Mezam SDO blocks investigation on SDF mayor
From
Michael Ndi in Bamenda
The SDO for Mezam, Nguéle Nguéle Felix has out-rightly suspended a
Tubah council commission of inquiry that was probing the management of some
26MFCFA by the council’s former mayor, Stanislaus Sofa. Nguéle annulled the
commission last Friday during a stormy evaluation meeting of the SDF-run
council.
Going by the senior civil administrator, the inquiry
commission was suspended because he deemed it not well constituted.
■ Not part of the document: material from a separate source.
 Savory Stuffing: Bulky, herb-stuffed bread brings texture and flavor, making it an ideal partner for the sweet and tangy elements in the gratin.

However,
most Tubah councilors have received the unprecedented suspension in bad fate,
suspecting that something unusual might have transpired between the supervisory
authority and the former mayor.
According to the first deputy mayor of Tubah, Wechui
Barnabas, the erstwhile mayor in an attempt to render his stewardship account
while at the helm of the council, surprised the councillors when he disclosed
that he spent a whopping sum of 26MFCFA to transfer council property from the
temporary council chambers to the newly constructed structure less than1000
meters apart.
“What were transferred are only some files and few
items because the cupboards and most furniture we have in the new chambers were
constructed in here,” the deputy mayor stressed.
He wondered
how 26MFCFA could have been used to transfer the items which could well cost
less than 5000FCFA. However, the first
deputy mayor advanced that “administration will come and go but Tubah will
remain”.
On other issues which preoccupied the local
representatives, councillors frowned at the deviant dressing pattern which is
skyrocketing in Tubah municipality stemming from University girls and other
students of higher institutes. The councillors then pleaded with the Mezam
administration to ensure decency among youths which the ministers of social
affairs, women empowerment and communication stressed a year ago.
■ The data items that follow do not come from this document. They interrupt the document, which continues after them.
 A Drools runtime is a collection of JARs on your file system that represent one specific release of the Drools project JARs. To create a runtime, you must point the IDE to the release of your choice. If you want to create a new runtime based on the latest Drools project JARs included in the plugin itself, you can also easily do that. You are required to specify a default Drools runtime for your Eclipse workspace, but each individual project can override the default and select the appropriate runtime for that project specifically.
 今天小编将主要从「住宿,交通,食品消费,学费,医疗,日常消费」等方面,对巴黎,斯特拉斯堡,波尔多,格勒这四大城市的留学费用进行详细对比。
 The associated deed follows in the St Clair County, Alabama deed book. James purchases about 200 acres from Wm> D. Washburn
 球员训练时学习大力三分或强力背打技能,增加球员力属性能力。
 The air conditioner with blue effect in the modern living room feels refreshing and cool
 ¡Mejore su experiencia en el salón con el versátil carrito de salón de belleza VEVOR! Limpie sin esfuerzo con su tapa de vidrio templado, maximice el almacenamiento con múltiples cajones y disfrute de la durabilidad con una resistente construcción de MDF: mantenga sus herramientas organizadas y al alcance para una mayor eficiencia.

They equally called on the administration to work in
collaboration with traditional authorities to institute vigilante groups in all
the four villages of Tubah, given that the approaching Christmas period is
coming along with a rise in banditry the sub-division.
Also, the councillors expressed concerns that some
tourists from Czechoslovakia Republic residing at Big Babanki village in Tubah
sub-division were operating illegally.
A forester disclosed that he accosted them in
collaboration with the commissioner of special branch and the tourist said they
were following up some endemic birds in the area. “Later when we visited the
area, we discovered that they had set up a nursery for reforestation and were
running a basic education institution in the area”.
An official of basic education for Tubah immediately
confirmed they were not aware of such a school and as such it was illegal.
Reacting to this worry, the SDO simply said the tourists at Big Babanki had
their required documents to be where they are and so were in order.